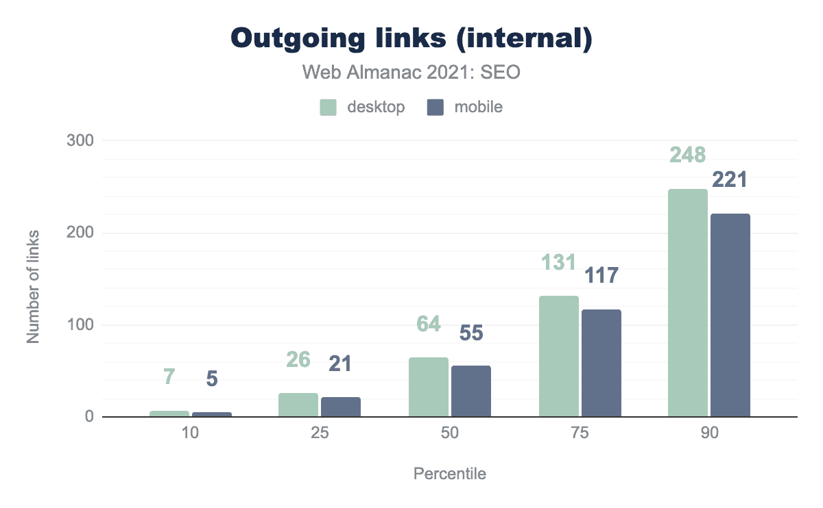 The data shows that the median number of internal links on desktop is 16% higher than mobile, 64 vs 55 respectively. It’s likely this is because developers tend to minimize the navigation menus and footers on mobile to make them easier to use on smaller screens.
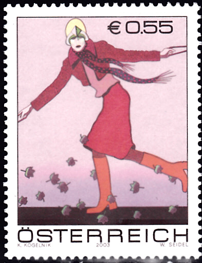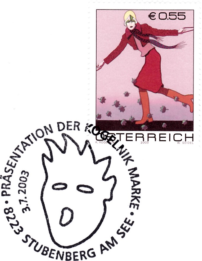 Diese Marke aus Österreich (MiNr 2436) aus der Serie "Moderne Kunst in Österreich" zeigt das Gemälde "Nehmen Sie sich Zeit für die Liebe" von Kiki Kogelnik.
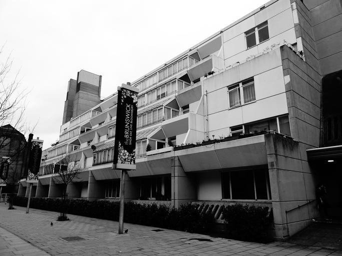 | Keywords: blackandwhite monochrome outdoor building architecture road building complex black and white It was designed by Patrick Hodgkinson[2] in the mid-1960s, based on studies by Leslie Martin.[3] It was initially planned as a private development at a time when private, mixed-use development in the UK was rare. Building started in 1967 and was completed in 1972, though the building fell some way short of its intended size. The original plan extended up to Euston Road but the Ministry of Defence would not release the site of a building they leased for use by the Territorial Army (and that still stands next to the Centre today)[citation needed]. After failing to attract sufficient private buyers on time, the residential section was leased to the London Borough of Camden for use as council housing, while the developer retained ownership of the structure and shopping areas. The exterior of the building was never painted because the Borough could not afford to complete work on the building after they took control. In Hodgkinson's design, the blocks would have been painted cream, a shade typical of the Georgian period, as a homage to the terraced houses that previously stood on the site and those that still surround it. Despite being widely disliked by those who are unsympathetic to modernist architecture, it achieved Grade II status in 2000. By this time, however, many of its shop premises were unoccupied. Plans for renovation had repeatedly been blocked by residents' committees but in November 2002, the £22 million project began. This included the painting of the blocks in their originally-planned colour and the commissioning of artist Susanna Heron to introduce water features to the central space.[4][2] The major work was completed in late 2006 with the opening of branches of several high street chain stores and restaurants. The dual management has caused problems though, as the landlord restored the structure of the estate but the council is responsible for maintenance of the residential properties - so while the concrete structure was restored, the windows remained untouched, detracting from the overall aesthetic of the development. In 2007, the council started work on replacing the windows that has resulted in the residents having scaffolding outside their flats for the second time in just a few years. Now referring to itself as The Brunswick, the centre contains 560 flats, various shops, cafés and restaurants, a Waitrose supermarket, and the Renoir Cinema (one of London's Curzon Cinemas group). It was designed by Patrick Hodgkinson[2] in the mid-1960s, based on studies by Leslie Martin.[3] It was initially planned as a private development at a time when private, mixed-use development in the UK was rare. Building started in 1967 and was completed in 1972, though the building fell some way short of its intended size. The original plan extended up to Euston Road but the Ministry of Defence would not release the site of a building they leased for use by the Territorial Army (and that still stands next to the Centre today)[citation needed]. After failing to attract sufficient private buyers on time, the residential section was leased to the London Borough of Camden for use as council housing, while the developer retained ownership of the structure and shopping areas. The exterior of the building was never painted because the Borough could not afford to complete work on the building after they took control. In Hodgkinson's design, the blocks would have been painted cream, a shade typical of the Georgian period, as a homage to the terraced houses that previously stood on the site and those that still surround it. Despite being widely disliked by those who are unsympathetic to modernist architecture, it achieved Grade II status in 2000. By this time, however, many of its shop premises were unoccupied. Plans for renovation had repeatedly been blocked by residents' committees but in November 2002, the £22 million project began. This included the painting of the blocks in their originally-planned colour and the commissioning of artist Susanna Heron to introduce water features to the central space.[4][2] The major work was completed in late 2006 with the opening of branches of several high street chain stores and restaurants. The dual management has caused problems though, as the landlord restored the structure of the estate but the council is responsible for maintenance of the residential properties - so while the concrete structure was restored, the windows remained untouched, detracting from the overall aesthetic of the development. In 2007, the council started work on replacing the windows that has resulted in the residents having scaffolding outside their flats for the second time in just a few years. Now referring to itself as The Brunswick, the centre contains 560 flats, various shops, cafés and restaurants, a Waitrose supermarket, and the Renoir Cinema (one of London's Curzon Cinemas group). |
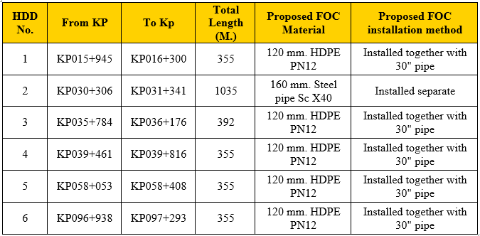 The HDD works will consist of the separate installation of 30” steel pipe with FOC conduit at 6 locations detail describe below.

...

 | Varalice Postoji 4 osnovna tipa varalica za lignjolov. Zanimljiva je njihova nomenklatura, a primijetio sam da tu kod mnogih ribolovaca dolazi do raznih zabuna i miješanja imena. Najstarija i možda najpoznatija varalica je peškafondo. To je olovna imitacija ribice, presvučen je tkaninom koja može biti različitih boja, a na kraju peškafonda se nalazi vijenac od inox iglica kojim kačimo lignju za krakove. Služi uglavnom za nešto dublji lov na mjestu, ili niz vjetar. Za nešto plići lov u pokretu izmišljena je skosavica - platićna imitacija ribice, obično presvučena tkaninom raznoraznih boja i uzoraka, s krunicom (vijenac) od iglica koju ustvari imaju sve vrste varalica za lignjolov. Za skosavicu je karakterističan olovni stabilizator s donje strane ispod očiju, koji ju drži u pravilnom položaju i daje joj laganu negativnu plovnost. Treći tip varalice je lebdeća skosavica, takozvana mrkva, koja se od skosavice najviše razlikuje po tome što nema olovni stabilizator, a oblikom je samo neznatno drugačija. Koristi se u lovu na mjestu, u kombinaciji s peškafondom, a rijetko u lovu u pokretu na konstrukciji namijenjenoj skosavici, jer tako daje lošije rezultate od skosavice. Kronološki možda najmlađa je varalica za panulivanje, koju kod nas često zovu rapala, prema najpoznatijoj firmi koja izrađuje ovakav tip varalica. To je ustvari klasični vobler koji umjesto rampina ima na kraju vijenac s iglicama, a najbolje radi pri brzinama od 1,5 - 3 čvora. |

[Problem statement]
Nothing but the lines above, starting at the line that contains "The data shows" and ending at the line that contains "Diese Marke aus", should be given again, exactly and without the pictures.

[Result below]
 The data shows that the median number of internal links on desktop is 16% higher than mobile, 64 vs 55 respectively. It’s likely this is because developers tend to minimize the navigation menus and footers on mobile to make them easier to use on smaller screens.
 Diese Marke aus Österreich (MiNr 2436) aus der Serie "Moderne Kunst in Österreich" zeigt das Gemälde "Nehmen Sie sich Zeit für die Liebe" von Kiki Kogelnik.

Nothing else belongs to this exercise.